You can change the working directory by typing setwd():

setwd("/Users/Ercan/Desktop/Beginning R")

getwd()

Alternatively, just select Session > Change Working Directory in Rstudio and navigate to the directory you want to make your new working directory.

Finally, type in dir() to see all the documents in the current directory.

The definitive guide for importing data in R is the R Data Import/Export manual available at R Data Import/Export manual(https://cran.r-project.org/doc/manuals/R-data.pdf)

6.1 Importing .csv, .txt, .delim files

6.1.1 Read .csv format (comma separated values)

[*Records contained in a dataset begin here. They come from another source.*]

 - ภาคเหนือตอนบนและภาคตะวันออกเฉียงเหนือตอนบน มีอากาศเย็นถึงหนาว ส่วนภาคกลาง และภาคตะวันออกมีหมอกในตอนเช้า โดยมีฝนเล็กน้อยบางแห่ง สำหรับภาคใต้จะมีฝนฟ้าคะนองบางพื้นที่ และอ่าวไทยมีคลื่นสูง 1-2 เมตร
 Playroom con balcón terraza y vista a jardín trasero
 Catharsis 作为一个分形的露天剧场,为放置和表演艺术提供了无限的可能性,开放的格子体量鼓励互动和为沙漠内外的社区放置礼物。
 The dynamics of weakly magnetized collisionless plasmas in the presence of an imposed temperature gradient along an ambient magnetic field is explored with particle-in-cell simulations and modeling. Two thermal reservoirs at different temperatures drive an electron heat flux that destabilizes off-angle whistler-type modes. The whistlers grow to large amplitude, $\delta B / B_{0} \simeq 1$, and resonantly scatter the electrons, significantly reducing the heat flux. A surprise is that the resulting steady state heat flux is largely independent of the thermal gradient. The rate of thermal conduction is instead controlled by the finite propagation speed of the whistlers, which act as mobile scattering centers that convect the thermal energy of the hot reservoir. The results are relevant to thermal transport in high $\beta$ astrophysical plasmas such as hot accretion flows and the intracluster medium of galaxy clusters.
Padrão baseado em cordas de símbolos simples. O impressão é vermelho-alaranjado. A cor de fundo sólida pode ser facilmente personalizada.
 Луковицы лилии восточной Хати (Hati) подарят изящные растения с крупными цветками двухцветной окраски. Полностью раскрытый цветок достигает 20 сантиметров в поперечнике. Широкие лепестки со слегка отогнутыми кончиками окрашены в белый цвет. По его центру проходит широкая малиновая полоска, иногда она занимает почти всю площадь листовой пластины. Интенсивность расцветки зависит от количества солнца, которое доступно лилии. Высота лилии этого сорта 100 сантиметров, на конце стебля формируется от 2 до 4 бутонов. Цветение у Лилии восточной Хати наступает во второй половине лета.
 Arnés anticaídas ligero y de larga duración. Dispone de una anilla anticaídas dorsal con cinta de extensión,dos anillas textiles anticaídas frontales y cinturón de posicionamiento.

To read data from a CSV file use either read.table or read.csv functions, the latter being a wrapper around the former. Suppose that you have a data set health.csv in your working directory and you want to introduce this to R:

# use read.table
health <- read.table(file = "health.csv", header = TRUE, sep = ",")  
# or use read.csv
health <- read.csv("health.csv")    
# the result is a date.frame
class(health)
## [1] "data.frame"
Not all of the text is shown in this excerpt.